* PROBLEM *
Write out again, exactly, the lines below starting at the one with "Second cycle student" and ending at the one with "郑清春紧紧围绕深入学习领会习".

* DATA FOR ANALYSIS *
=== Begin Enclosure ===

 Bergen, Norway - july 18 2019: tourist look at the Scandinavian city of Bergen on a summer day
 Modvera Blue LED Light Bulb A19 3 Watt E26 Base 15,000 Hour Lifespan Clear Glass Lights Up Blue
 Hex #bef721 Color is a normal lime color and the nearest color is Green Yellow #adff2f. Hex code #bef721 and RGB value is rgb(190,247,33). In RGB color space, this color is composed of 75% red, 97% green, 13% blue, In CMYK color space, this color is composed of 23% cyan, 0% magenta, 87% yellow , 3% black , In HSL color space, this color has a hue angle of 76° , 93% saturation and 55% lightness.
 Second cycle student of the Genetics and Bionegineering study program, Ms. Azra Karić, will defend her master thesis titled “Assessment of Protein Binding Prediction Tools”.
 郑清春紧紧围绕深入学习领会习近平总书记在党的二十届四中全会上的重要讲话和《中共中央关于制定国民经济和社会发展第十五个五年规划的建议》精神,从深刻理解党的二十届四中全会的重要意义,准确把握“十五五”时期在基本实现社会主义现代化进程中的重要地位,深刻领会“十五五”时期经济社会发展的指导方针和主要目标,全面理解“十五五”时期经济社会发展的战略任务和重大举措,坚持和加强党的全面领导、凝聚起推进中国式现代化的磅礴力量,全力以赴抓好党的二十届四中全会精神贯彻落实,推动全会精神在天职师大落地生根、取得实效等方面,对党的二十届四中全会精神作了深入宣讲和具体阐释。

=== End Enclosure ===
=== Begin Enclosure ===

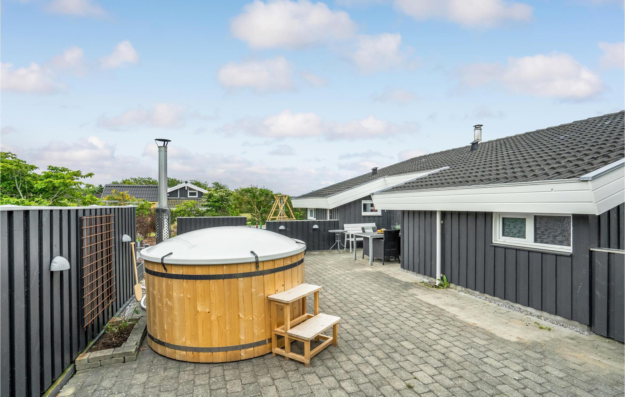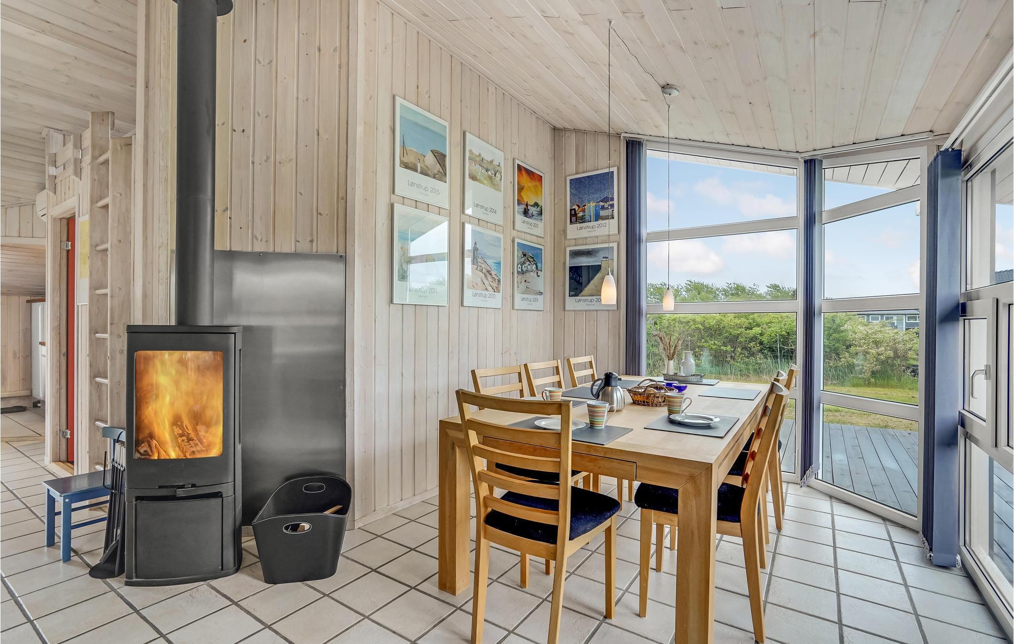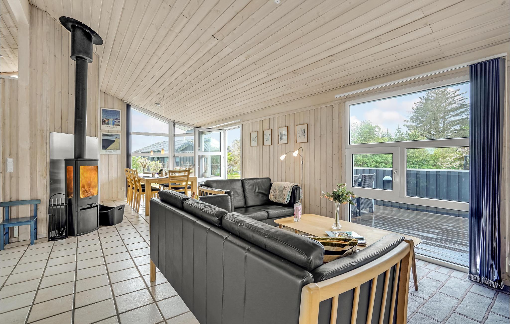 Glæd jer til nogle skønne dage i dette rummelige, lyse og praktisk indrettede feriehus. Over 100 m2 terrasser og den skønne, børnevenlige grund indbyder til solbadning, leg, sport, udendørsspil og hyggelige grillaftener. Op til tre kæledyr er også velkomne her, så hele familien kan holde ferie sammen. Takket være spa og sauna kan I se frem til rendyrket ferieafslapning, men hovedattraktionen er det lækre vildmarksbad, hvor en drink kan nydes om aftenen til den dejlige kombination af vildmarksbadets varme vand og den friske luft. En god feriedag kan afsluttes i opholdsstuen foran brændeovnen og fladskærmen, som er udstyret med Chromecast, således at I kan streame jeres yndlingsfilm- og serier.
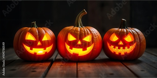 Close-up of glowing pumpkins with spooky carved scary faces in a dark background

=== End Enclosure ===
=== Begin Enclosure ===

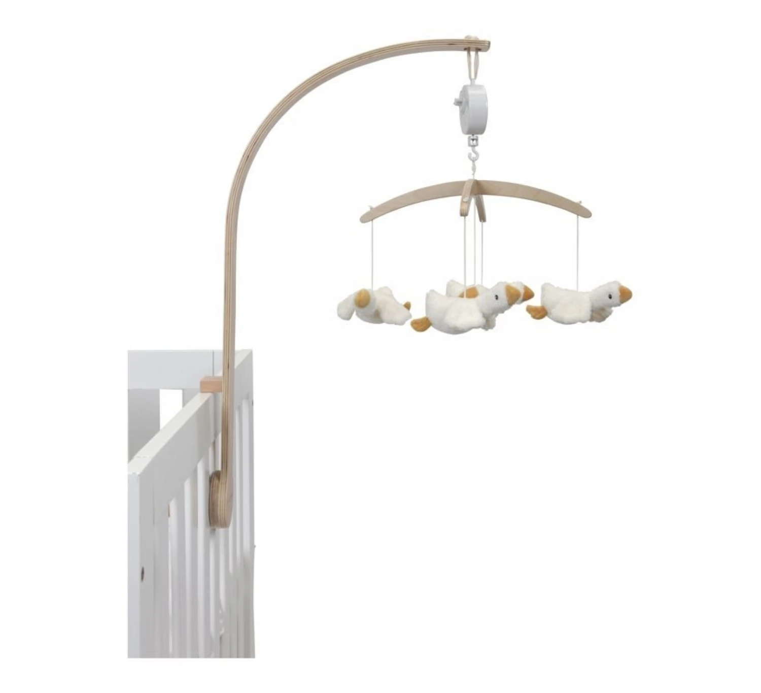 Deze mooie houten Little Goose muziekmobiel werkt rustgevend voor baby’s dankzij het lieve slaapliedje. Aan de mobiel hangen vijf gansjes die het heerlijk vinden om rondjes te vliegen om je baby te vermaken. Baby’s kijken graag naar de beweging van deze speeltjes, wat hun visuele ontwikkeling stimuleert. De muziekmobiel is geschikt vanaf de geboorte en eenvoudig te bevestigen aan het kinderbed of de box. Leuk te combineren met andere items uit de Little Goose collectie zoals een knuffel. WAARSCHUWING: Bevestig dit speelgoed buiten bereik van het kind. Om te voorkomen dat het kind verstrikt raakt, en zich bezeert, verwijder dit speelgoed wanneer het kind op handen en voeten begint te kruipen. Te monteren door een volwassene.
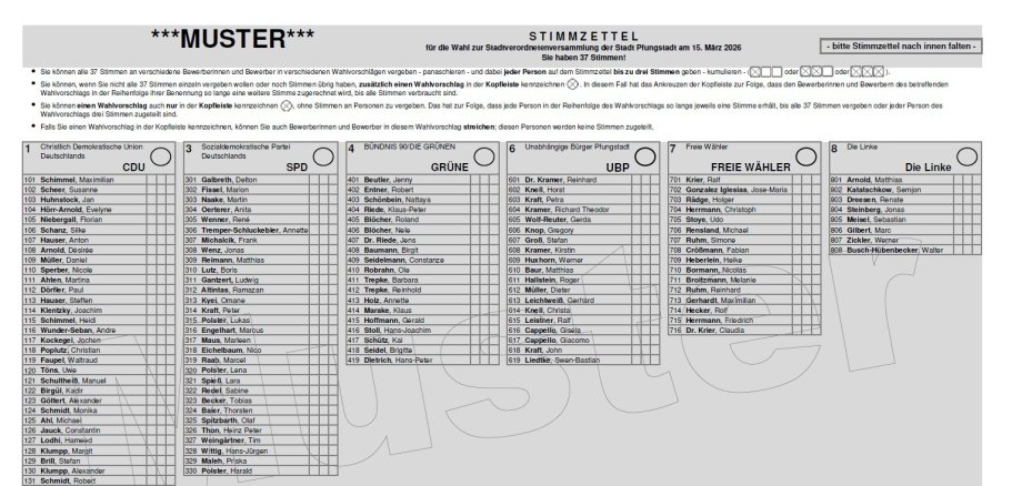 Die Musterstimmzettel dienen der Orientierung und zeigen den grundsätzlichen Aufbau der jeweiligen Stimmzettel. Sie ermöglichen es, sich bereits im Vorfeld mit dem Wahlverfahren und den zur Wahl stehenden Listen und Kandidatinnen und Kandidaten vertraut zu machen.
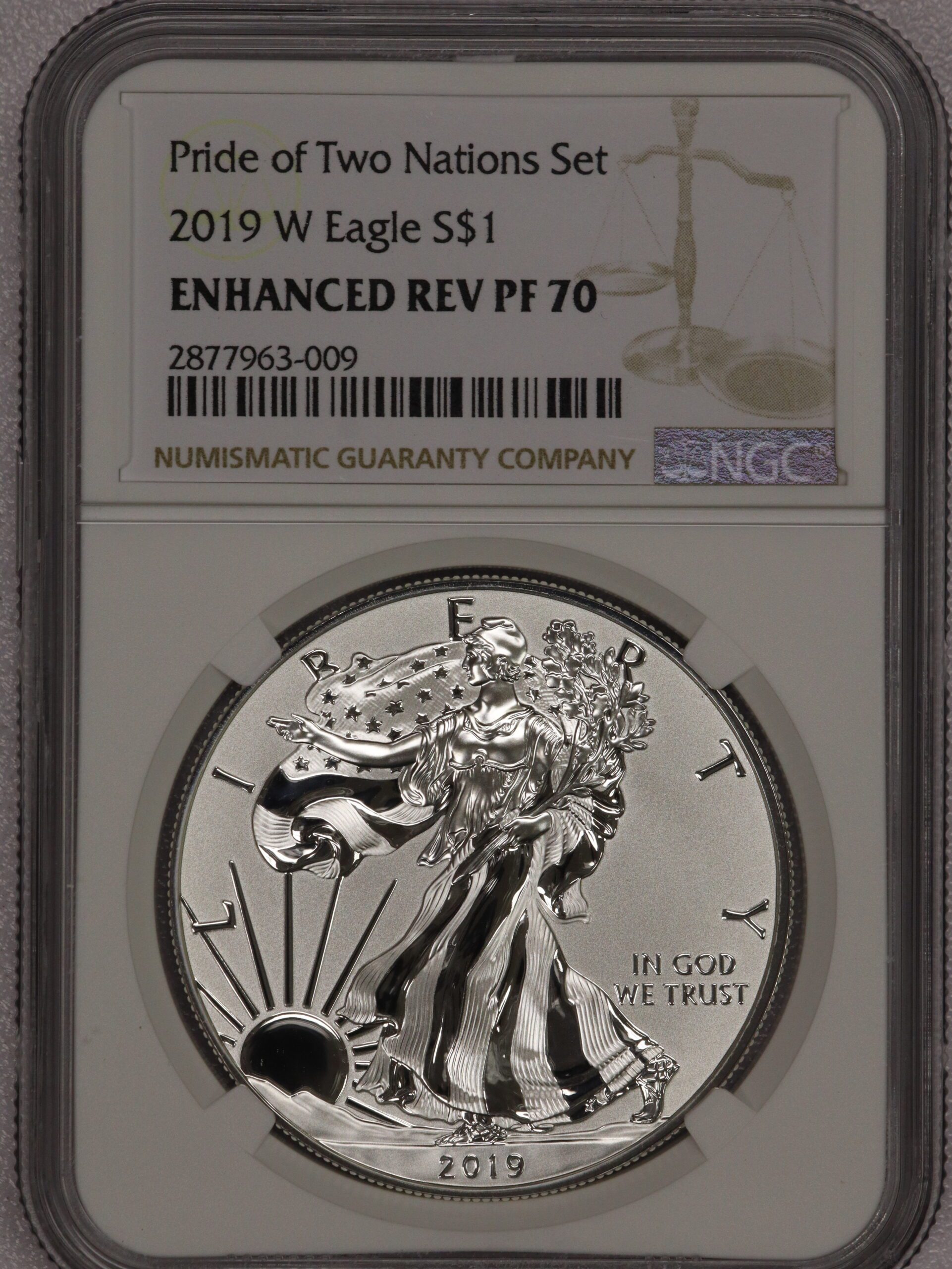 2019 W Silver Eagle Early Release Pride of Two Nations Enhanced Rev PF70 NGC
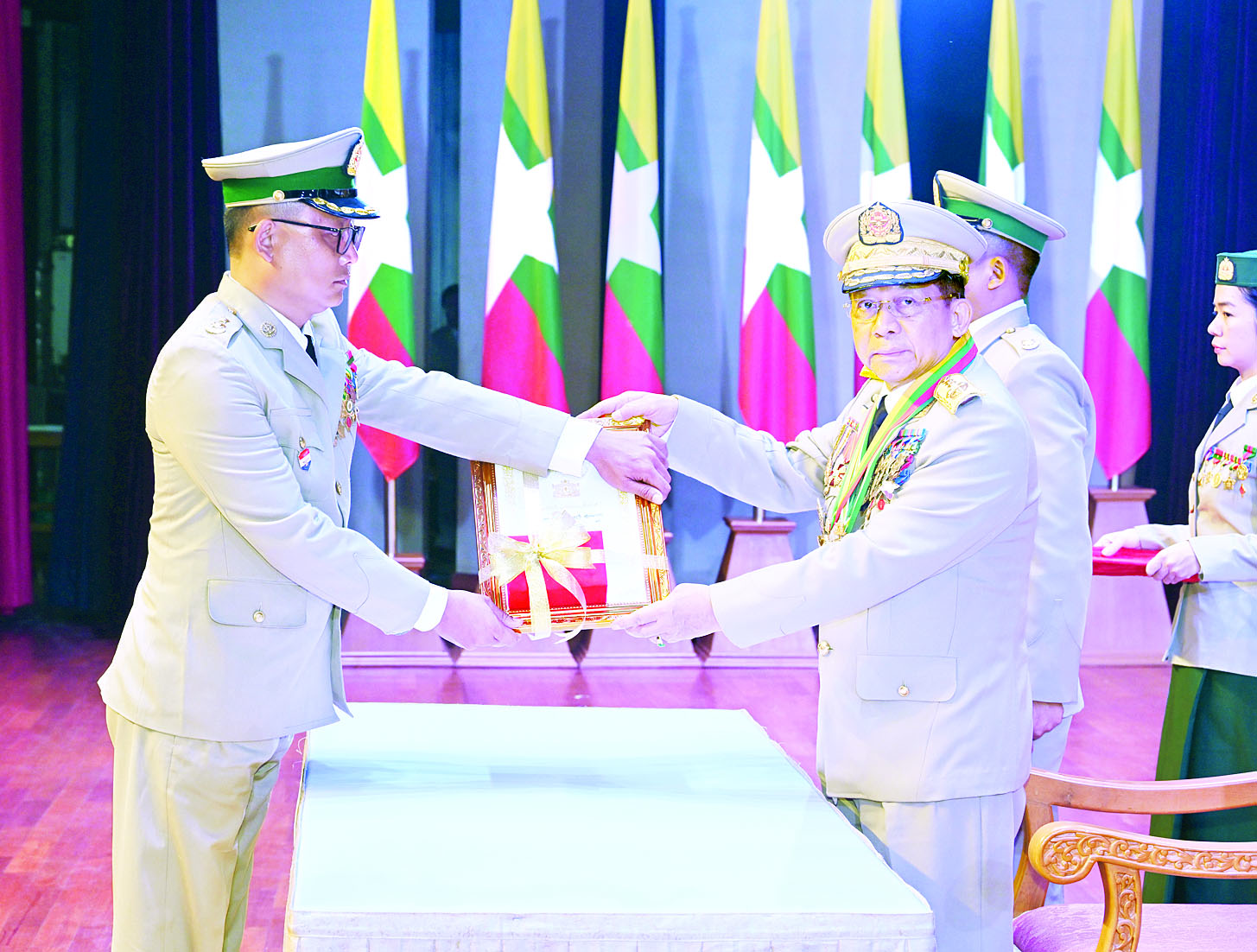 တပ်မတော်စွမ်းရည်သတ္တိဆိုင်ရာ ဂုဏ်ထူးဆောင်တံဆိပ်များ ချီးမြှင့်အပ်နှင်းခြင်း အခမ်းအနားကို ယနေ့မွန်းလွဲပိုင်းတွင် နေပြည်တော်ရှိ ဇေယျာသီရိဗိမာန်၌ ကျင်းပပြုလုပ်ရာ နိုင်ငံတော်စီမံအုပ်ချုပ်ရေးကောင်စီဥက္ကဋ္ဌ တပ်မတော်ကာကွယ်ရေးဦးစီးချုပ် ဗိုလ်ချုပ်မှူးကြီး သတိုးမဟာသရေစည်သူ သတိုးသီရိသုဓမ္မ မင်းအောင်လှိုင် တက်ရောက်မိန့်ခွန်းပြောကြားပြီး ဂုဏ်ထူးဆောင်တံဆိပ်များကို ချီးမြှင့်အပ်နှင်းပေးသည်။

=== End Enclosure ===

* TASK RESULT *
 Second cycle student of the Genetics and Bionegineering study program, Ms. Azra Karić, will defend her master thesis titled “Assessment of Protein Binding Prediction Tools”.
 郑清春紧紧围绕深入学习领会习近平总书记在党的二十届四中全会上的重要讲话和《中共中央关于制定国民经济和社会发展第十五个五年规划的建议》精神,从深刻理解党的二十届四中全会的重要意义,准确把握“十五五”时期在基本实现社会主义现代化进程中的重要地位,深刻领会“十五五”时期经济社会发展的指导方针和主要目标,全面理解“十五五”时期经济社会发展的战略任务和重大举措,坚持和加强党的全面领导、凝聚起推进中国式现代化的磅礴力量,全力以赴抓好党的二十届四中全会精神贯彻落实,推动全会精神在天职师大落地生根、取得实效等方面,对党的二十届四中全会精神作了深入宣讲和具体阐释。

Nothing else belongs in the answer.